OK, so now it is finally time to unclamp the knife and actually rivet the handle (Figure 18 ). You should do this immediately. I advise you to use a rivet washer if you donít rivet regularly, it is stronger and easier. Surprisingly, I think it complements this knife quite well as it turned out.
When you have riveted, you can start to shape the leather. If you have a belt sander, this is ideal (Fig 19) but a coping saw can be used to rough out the shape, and leather reduces with abrasion much more quickly than wood, so shaping by hand isnít a problem. You might notice that I invalidated the guarantee on this belt sander, by hacking away the frame to allow access to the unsupported belt.
When you have roughed out the shape, tidy it up by hand, using strips of abrasive pulled back and forth around the handle (Fig 20).
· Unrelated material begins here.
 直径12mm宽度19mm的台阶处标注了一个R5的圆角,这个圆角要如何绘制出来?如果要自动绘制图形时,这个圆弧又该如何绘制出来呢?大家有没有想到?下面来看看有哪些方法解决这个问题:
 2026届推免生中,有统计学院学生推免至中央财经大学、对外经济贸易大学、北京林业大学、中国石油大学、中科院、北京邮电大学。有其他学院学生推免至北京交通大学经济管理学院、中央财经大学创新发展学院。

Remember Whichever finish you choose, you have to sand the bolster and butt cap to a fine polish. Also the harder metal, in particular, will be more resistant to the abrasive so it is very easy to get uneven bumps if you are not careful. I deliberately allow quite a strong build up of heat in the early stages of machine sanding to shape, This hardens the leather still-further, with no external change. The scorched bits polish off easily. It does dry the leather out through, so a touch of leather grease is a good idea.
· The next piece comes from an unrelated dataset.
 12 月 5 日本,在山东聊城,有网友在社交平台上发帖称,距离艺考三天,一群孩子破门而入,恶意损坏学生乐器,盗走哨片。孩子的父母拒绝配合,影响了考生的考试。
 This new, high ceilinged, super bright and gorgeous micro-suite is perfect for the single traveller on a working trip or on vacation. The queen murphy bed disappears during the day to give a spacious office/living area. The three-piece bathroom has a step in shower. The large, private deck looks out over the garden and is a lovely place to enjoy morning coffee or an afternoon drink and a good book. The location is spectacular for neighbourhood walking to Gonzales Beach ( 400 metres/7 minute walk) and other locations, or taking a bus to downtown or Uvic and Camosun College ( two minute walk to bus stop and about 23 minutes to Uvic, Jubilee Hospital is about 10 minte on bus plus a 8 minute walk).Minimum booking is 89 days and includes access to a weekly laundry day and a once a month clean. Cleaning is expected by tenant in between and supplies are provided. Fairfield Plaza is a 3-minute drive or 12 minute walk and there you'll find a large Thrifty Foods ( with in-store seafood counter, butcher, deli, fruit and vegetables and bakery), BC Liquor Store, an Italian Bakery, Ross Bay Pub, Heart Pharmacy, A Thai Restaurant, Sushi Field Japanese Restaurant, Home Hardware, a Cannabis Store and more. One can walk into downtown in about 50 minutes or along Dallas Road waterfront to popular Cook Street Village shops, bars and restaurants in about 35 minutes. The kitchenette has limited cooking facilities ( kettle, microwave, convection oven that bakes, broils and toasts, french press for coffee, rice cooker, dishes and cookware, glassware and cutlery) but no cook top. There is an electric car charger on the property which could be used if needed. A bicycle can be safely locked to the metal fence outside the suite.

After this of course, it is back to finishing. You already know how to do that and will have practiced your finish of choice on your little block by now. It really is important to do this. I still produce a practice block for every leather handled knife I make and try out the finish. Leather is highly variable and you have to know how it is going to respond.
If you look at the small selection of knives in figure 21, you will see that you can do a lot with stacked leather if it is compressed properly. The knife with the reconstituted jade spacer and butt cap has been used heavily for several years, with no signs of problems for the handle, the rather deep guard is completely solid. Which is more than you can say for the blade... I donít recommend the use of reconstituted stone spacers in leather handled knives. The dust produced by sanding clings to the leather fibres. This thing was completely green for a year before I figured out a way to get rid of it.
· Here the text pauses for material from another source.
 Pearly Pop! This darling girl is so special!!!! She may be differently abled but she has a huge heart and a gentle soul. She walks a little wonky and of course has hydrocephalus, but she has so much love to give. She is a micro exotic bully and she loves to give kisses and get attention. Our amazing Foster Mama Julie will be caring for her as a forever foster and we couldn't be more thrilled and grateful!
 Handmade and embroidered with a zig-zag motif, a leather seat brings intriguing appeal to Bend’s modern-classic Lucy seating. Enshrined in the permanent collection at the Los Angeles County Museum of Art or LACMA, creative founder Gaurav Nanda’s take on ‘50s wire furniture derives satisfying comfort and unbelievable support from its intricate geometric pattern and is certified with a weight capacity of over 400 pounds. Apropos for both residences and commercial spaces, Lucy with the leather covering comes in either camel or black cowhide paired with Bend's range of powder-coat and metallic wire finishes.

Hopefully this tutorial has given you the confidence to have a go at making stacked leather handles. If you use the practice blocks as I suggest, you canít really go wrong.
Oh by the way, the knife at the bottom of figure 21 is the same as the one in my gallery, in case you thought you might have seen it before. It is included here for curiosity value. You might be intrigued to know that there isnít a single drop of glue in it, the whole thing is held together by the rivet; my father would have been amused at least.
Appendix: How to make the clamp you will need for this type of knife
The clamp is very simple and can be made for very little money. It just needs two pressure plates, which can be made from metal (in this case a brass letterbox flap) or MDF. A couple of threaded rods (these are 8mm, but the size isn't important). 4 plain nuts and washers (to fit the treaded rod. These lock the rods in relation to the blade-end plate. The two wing-nuts are used to tighten the tang plate to apply pressure. The holes for the rods need to be about 1mm bigger than the diameter of the threaded rods themselves and the blade slot should be big enouth to take the blade well wrapped in tape for protection. The hole in the tang plate should be 7 or 8 mm.
I have drawn it out for clarity, but it should be pretty obvious from the series of pictures, which show the assembly of the clamp. This really shouldn't cost more than a few quid to make and the parts are easily available at any DIY or hardware shop.
The other clamp in the final image is the professionaly produced item sold by Brisa. If you have one of these, you have to drill a hole in the middle of the sliding plate to take the tang. Whoever designed this clearly doesn't like rivetting tangs...
Both of these clamps are ideal for assembling any scandi knife with muliple parts.